A [*string*](https://en.wikipedia.org/wiki/String_%28computer_science%29) is a sequence of characters. We might commonly call it *text*.

A *string literal* is a sequence of characters, between single or double quotes, written directly in the source code.

Let's look at some things we can do with strings in Python.

### Valid strings

In [None]:
# Valid strings

print('Single quoted: NYU')
print()

print("Double quoted: NYU")
print()

print('''Triple quoted: NYU has established the Center for
Social Media and Politics, which will examine the production,
flow, and impact of social media content in the political sphere,
as well as support research that uses social media data to study politics.

Photo credit: adamkaz/Getty Images
Will Focus on Production, Flow, and Impact of Content—and Methods
to Use Social Media Data to Study Politics''')

Why choose ' or "?

Think about whether your string has quotes inside it:

In [None]:
s = "Don't use `s` as var name in your labs!'"

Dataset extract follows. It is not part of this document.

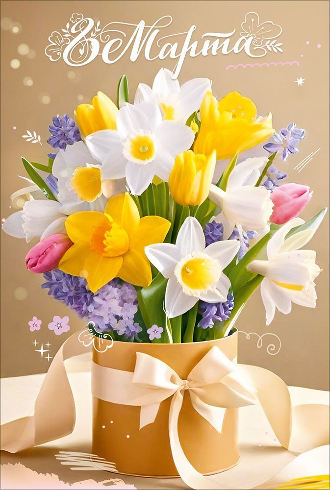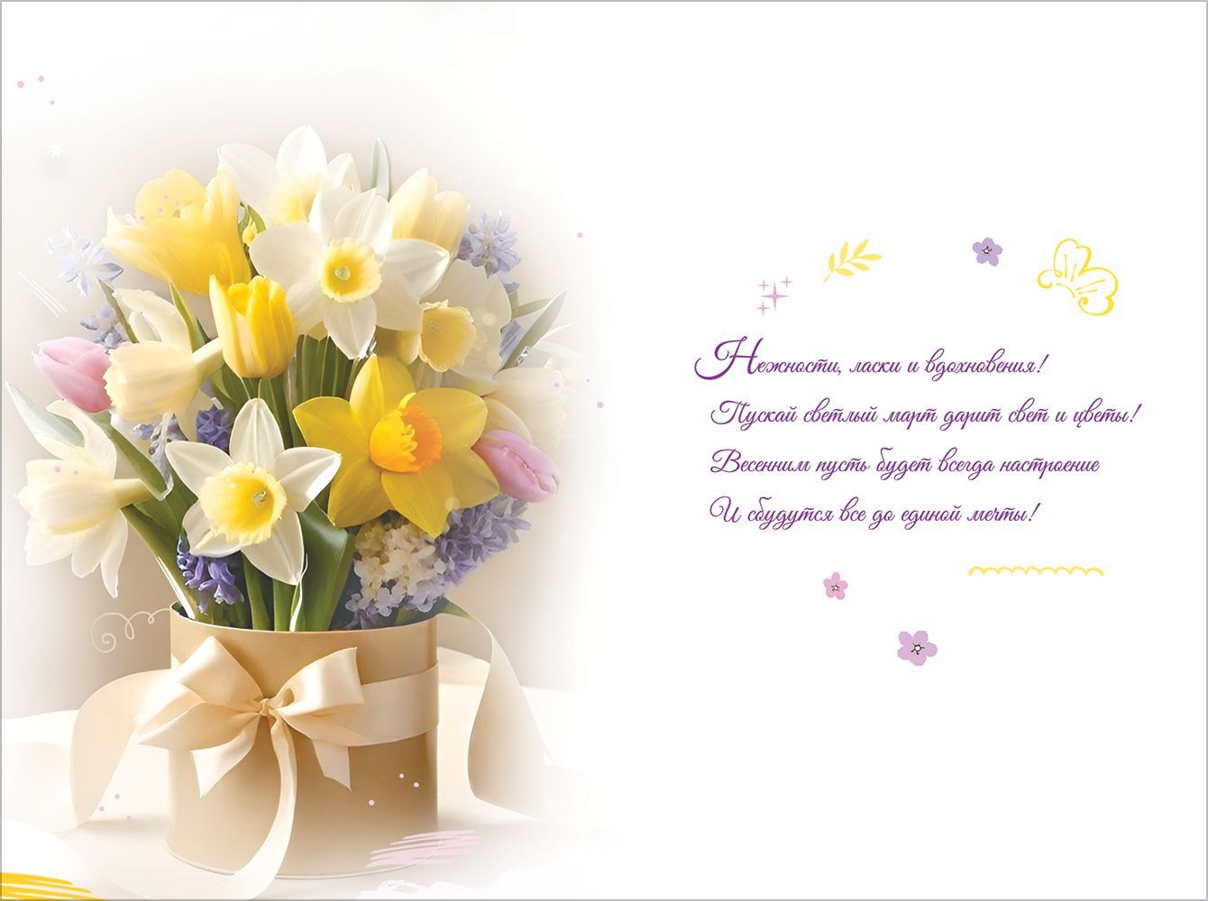 Открытка формата А5 предназначена для поздравления с 8 Марта и ориентирована на использование в розничной продаже и оптовых поставках для праздничного ассортимента. Изделие изготовлено из плотного картона, что обеспечивает стабильную форму, устойчивость к изгибам и истиранию при транспортировке, выкладке и хранении в стандартных стеллажных и кассетных системах. Размер готового изделия 182 × 122 мм позволяет размещать открытку в типовых конвертах и упаковочных пакетах, а также формировать равномерные стопы при оптовой фасовке и учёте. На лицевой стороне размещено цветное изображение букета весенних цветов в коробке с лентой на нейтральном фоне с надписью «8 Марта», дополненное декоративными элементами и золотистыми блестками в лаке, создающими акцентные глянцевые участки и устойчивый к истиранию декоративный слой. Двустороннее изображение обеспечивает оформленность как внешней, так и внутренней стороны; внутри нанесён поздравительный текст, что позволяет использовать открытку без дополнительной доработки, упрощает процесс вручения и делает изделие удобным для розничного покупателя. Поверхность картона пригодна для письма стандартными шариковыми и гелевыми ручками, маркерами средней насыщенности без сильного расплывания чернил. Конструкция рассчитана на многократное перелистывание, не требует специальных условий эксплуатации, достаточны обычные параметры сухого складского хранения. В упаковке 10 одинаковых экземпляров, что удобно для формирования партионных заказов, равномерного распределения по торговым точкам и планирования сезонных закупок к празднику. Открытка подходит для индивидуальных поздравлений, корпоративных поздравительных кампаний, вложения в подарочные наборы и использования в качестве дополнения к цветочной или сувенирной продукции.

s = 'She said "Stop in love\'s name!"'

### Strings as a Sequence

We can "get at" a particular character in a string using the square-bracket `[]` operator. This is called *indexing* the string. The number in the brackets is called the *index*. Recall, programmers like to start counting at 0!

In [None]:
#H e l l o   N e w   Y o r k !
#-----------------------------
#0 1 2 3 4 5 6 7 8 9 1 1 1 1 1
#                    0 1 2 3 4
#-----------------------------
#        (negatives... below)
#1 1 1 1 1 1 9 8 7 6 5 4 3 2 -1
#5 4 3 2 1 0

my_string = "Hello New York!"

print('my_string =', my_string)
print('my_string[0] =', my_string[0])
print('my_string[14] =', my_string[14])
print('my_string[-1] =', my_string[-1])
print('my_string[-2] =', my_string[-2])
print('my_string[-15] =', my_string[-15])

In [None]:
-0

What happens if we use an invalid index?

In [None]:
print('my_string[15] = ', my_string[15])

What will be the result of running the following code?

a) It will print 'H'  
b) It will print 'e'  
c) It will print 'Hello New York!'  
d) We will get an 'IndexError' message

In [None]:
print(my_string[-16])

### Special Characters

"Special" characters don't have a direct typed representation. They are specified using the backslash character followed by their special designation. We say the backslash *escapes* the character we type after it.

In [None]:
print("print a \t (tab)")

In [None]:
# Non-printing characters

# Some characters perform necessary operations but show up as whitespace in
# the output

# Newline - \n
# Tab -     \t

print("This is the first line.\nThis is the second line.\n\tA tabbed line.")

In [None]:
print("aaaa\fform feed")

In [None]:
print("abcdefghijklmnopqrstuvwxyz\rcarriage return")

In [None]:
print("abcdef\v\vghijkl\t\123\xF2\a")

In [None]:
print('''W\nh\na
t
h
a
p
p
ens if we 
    try multiline print
with triple quotes?''')

#### Some special characters:

- \n Newline
- \t Tab
- \\\ Backslash (\\)
- \' Single quote (')
- \" Double quote (")
- \a ASCII Bell (BEL)
- \b ASCII Backspace (BS)
- \f ASCII Formfeed (FF)
- \n ASCII Linefeed (LF)
- \r ASCII Carriage Return (CR)
- \t ASCII Horizontal Tab (TAB)
- \v ASCII Vertical Tab (VT)
- \ooo   ASCII character with octal value ooo
- \xhh    ASCII character with hex value hh

([**ASCII**](https://en.wikipedia.org/wiki/ASCII) stands for *American Standard Code for Information Interchange*: it is our standard way of encoding characters.)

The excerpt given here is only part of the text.